[tip:sched/core] sched/topology: Introduce NUMA identity node sched domain

From: tip-bot for Suravee Suthikulpanit
Date: Tue Oct 10 2017 - 07:01:31 EST


Commit-ID: 051f3ca02e46432c0965e8948f00c07d8a2f09c0
Gitweb: https://git.kernel.org/tip/051f3ca02e46432c0965e8948f00c07d8a2f09c0
Author: Suravee Suthikulpanit <suravee.suthikulpanit@xxxxxxx>
AuthorDate: Thu, 7 Sep 2017 02:20:05 -0500
Committer: Ingo Molnar <mingo@xxxxxxxxxx>
CommitDate: Tue, 10 Oct 2017 11:45:28 +0200

sched/topology: Introduce NUMA identity node sched domain

On AMD Family17h-based (EPYC) system, a logical NUMA node can contain
upto 8 cores (16 threads) with the following topology.

----------------------------
C0 | T0 T1 | || | T0 T1 | C4
--------| || |--------
C1 | T0 T1 | L3 || L3 | T0 T1 | C5
--------| || |--------
C2 | T0 T1 | #0 || #1 | T0 T1 | C6
--------| || |--------
C3 | T0 T1 | || | T0 T1 | C7
----------------------------

Here, there are 2 last-level (L3) caches per logical NUMA node.
A socket can contain upto 4 NUMA nodes, and a system can support
upto 2 sockets. With full system configuration, current scheduler
creates 4 sched domains:

domain0 SMT (span a core)
domain1 MC (span a last-level-cache)
domain2 NUMA (span a socket: 4 nodes)
domain3 NUMA (span a system: 8 nodes)

Note that there is no domain to represent cpus spaning a logical
NUMA node.
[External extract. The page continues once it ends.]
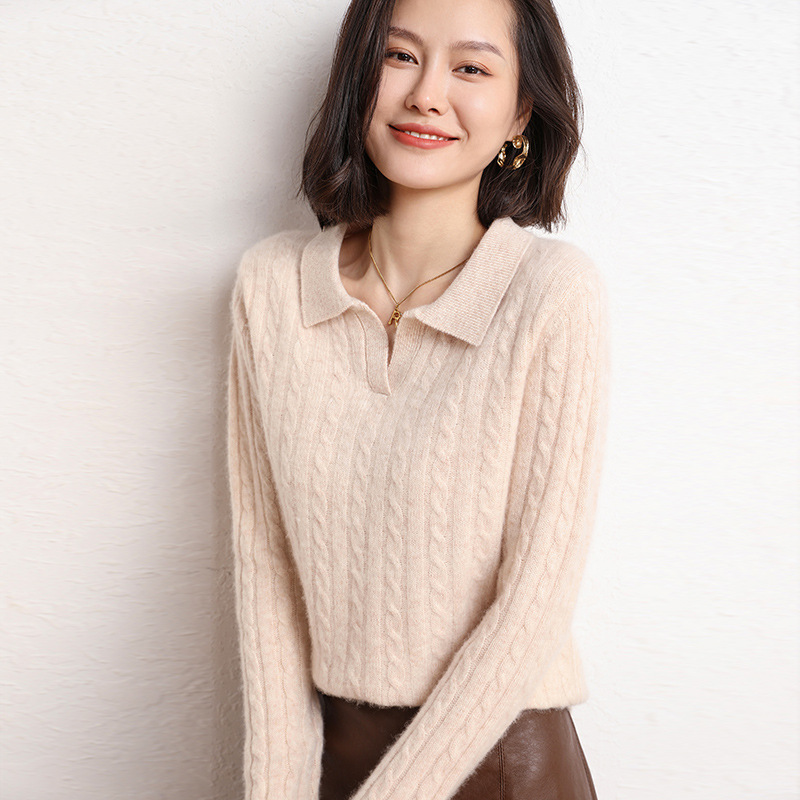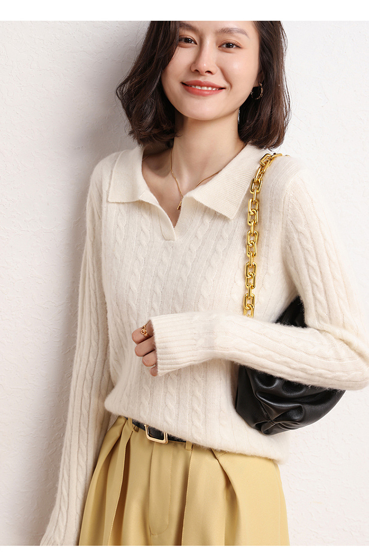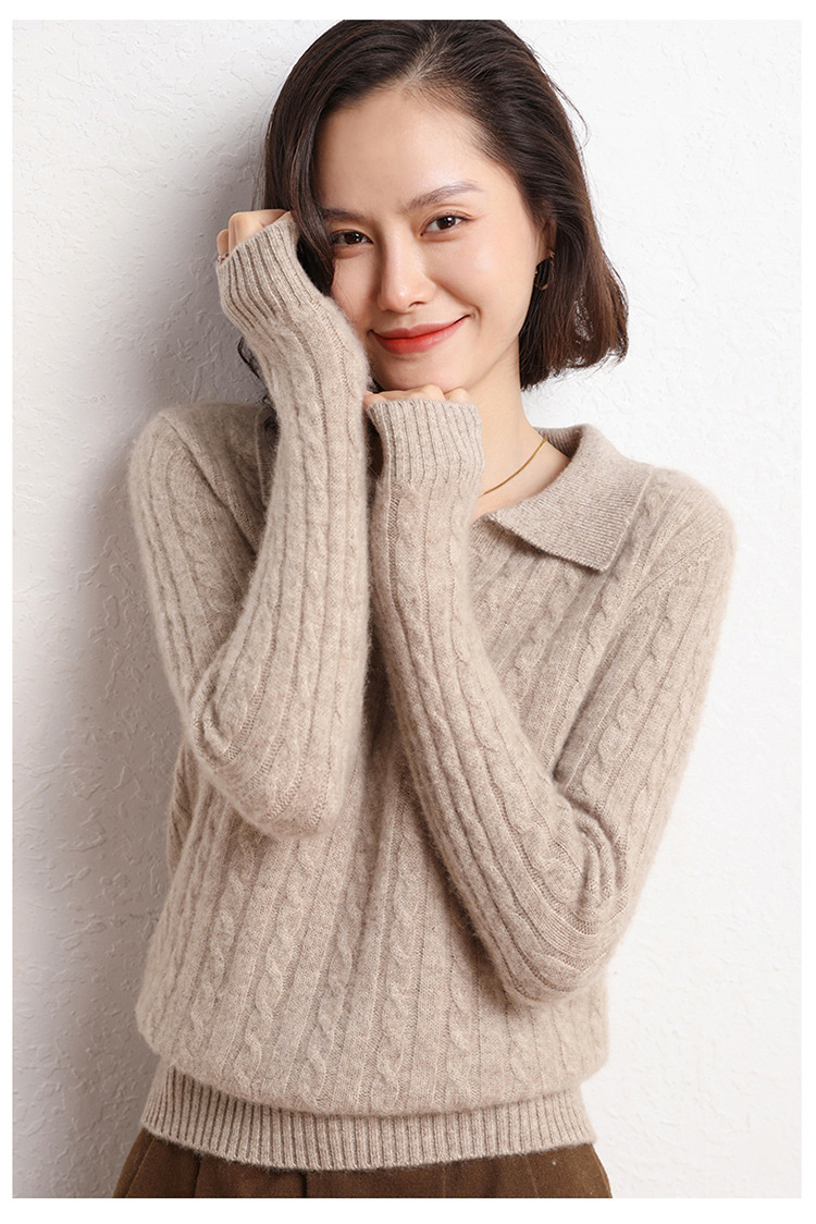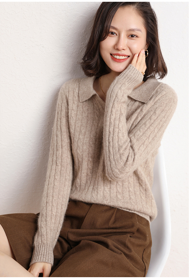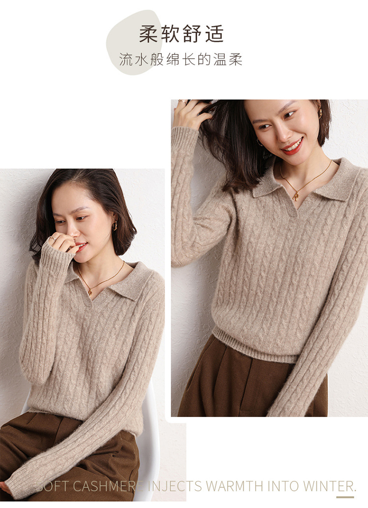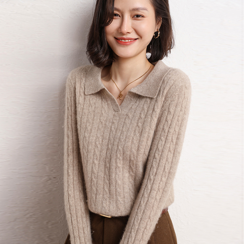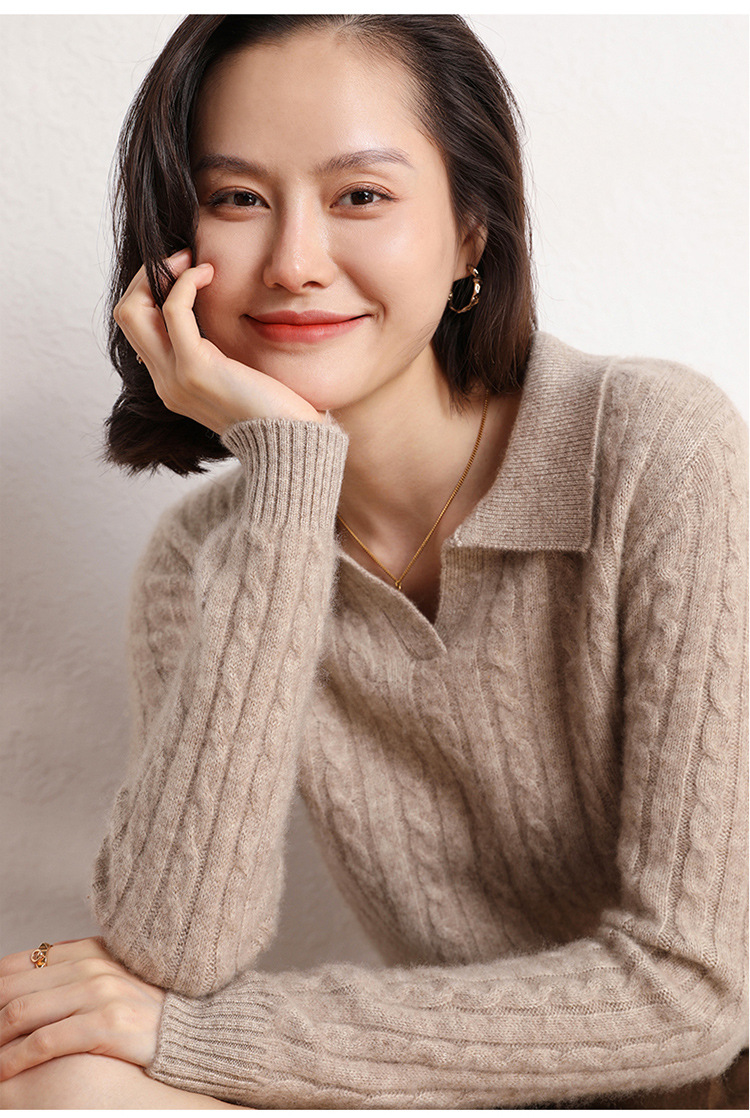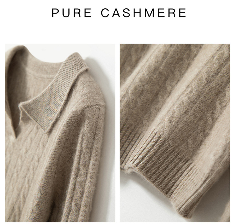 오르도스시 POLO 카라 캐시미어 스웨터 여성용 100% 캐시미어 카라 루즈핏 트위스트 니트 스웨터 긴팔스토어 가기

With this hierarchy of sched domains, the scheduler does
not balance properly in the following cases:

Case1:

When running 8 tasks, a properly balanced system should
schedule a task per logical NUMA node. This is not the case for
the current scheduler.

Case2:

In some cases, threads are scheduled on the same cpu, while other
cpus are idle. This results in run-to-run inconsistency. For example:

taskset -c 0-7 sysbench --num-threads=8 --test=cpu \
--cpu-max-prime=100000 run

Total execution time ranges from 25.1s to 33.5s depending on threads
placement, where 25.1s is when all 8 threads are balanced properly
on 8 cpus.

Introducing NUMA identity node sched domain, which is based on how
SRAT/SLIT table define a logical NUMA node. This results in the following
hierarchy of sched domains on the same system described above.

domain0 SMT (span a core)
domain1 MC (span a last-level-cache)
domain2 NODE (span a logical NUMA node)
domain3 NUMA (span a socket: 4 nodes)
domain4 NUMA (span a system: 8 nodes)

This fixes the improper load balancing cases mentioned above.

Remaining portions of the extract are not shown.